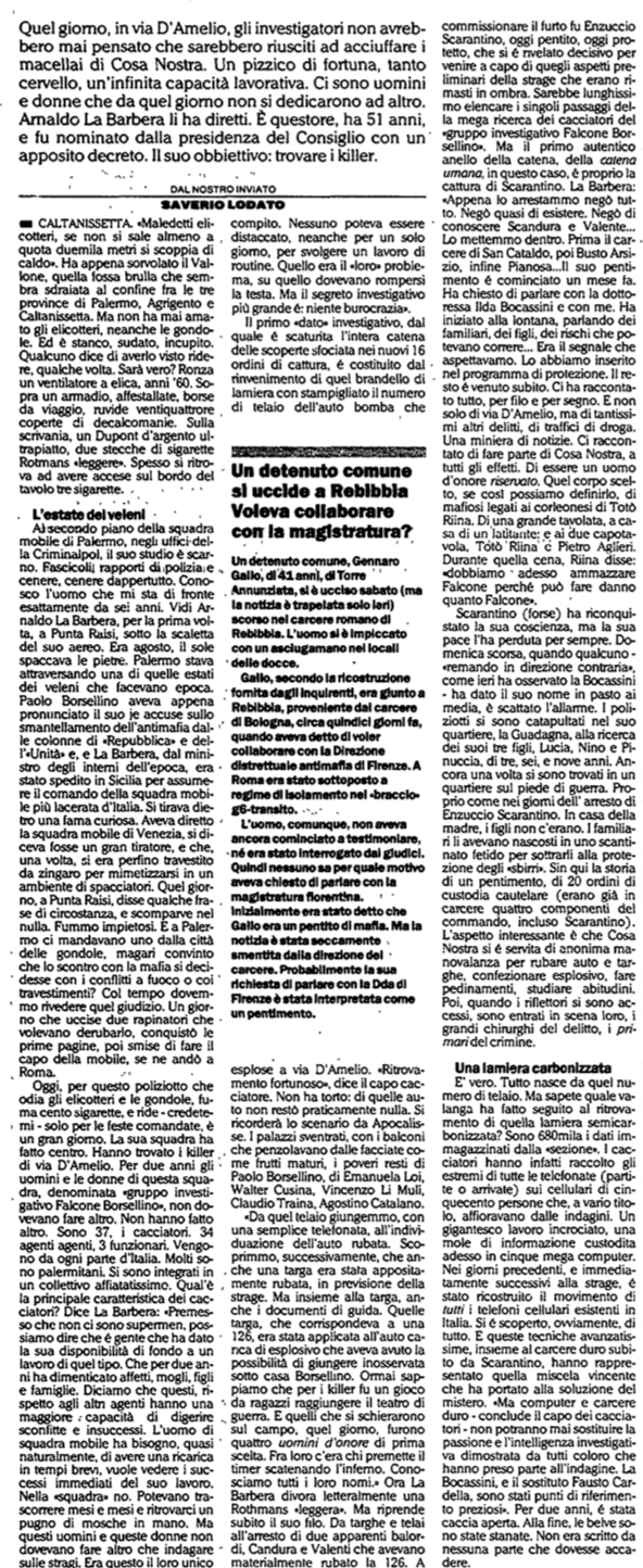 È cominciata da là le indagini sulla strage di via D’Amelio. Mi ricordo che allora la DDA era composta dal dottor Polina, che oggi è Roma, dal dottor Giordano, Petralia e Vaccara, che oggi è (…). E ci mettemmo di buzzo buono a lavorare, con l’aiuto di tutti i pezzi dello Stato.
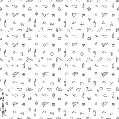 Seamless fast food pattern. fast food background. Doodle fastfood icons. Drawn food pattern
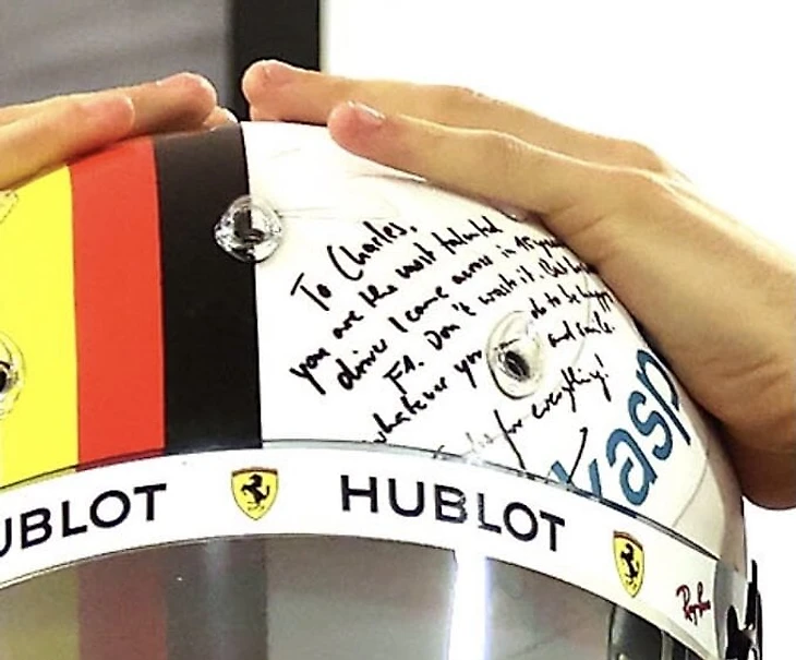 Пилот «Феррари» Себастьян Феттель попрощался с Шарлем Леклером особым посланием, которое было написано на шлеме, подаренным немцем своему теперь уже бывшему напарнику.
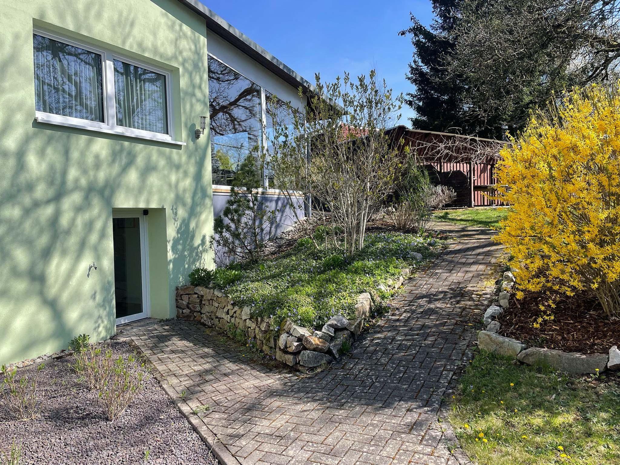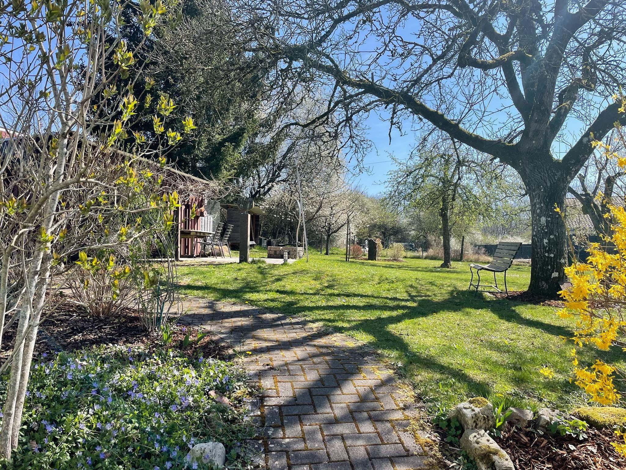 Das weitläufige Grundstück begeistert mit einer gepflegten Rasenfläche, alten Obst- und Zierbäumen, einem kleinen Kräutergarten sowie einem stilvoll angelegten Gräsergarten. Eine gemütliche Terrasse mit Natursteinmauerung und gemauerter Grillstelle lädt zum Verweilen und Genießen ein – perfekt für entspannte Urlaubstage im Grünen.
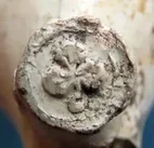 Kleipijp. Trechter vroeg. Zijmerk: Roos 7 stippen. Gouda?
○ ○ ○
**WORK TO BE COMPLETED:** Only an exact copy of the records counts as an answer. Leave out the images.

**WRITTEN SOLUTION:**
 È cominciata da là le indagini sulla strage di via D’Amelio. Mi ricordo che allora la DDA era composta dal dottor Polina, che oggi è Roma, dal dottor Giordano, Petralia e Vaccara, che oggi è (…). E ci mettemmo di buzzo buono a lavorare, con l’aiuto di tutti i pezzi dello Stato.
 Seamless fast food pattern. fast food background. Doodle fastfood icons. Drawn food pattern
 Пилот «Феррари» Себастьян Феттель попрощался с Шарлем Леклером особым посланием, которое было написано на шлеме, подаренным немцем своему теперь уже бывшему напарнику.
 Das weitläufige Grundstück begeistert mit einer gepflegten Rasenfläche, alten Obst- und Zierbäumen, einem kleinen Kräutergarten sowie einem stilvoll angelegten Gräsergarten. Eine gemütliche Terrasse mit Natursteinmauerung und gemauerter Grillstelle lädt zum Verweilen und Genießen ein – perfekt für entspannte Urlaubstage im Grünen.
 Kleipijp. Trechter vroeg. Zijmerk: Roos 7 stippen. Gouda?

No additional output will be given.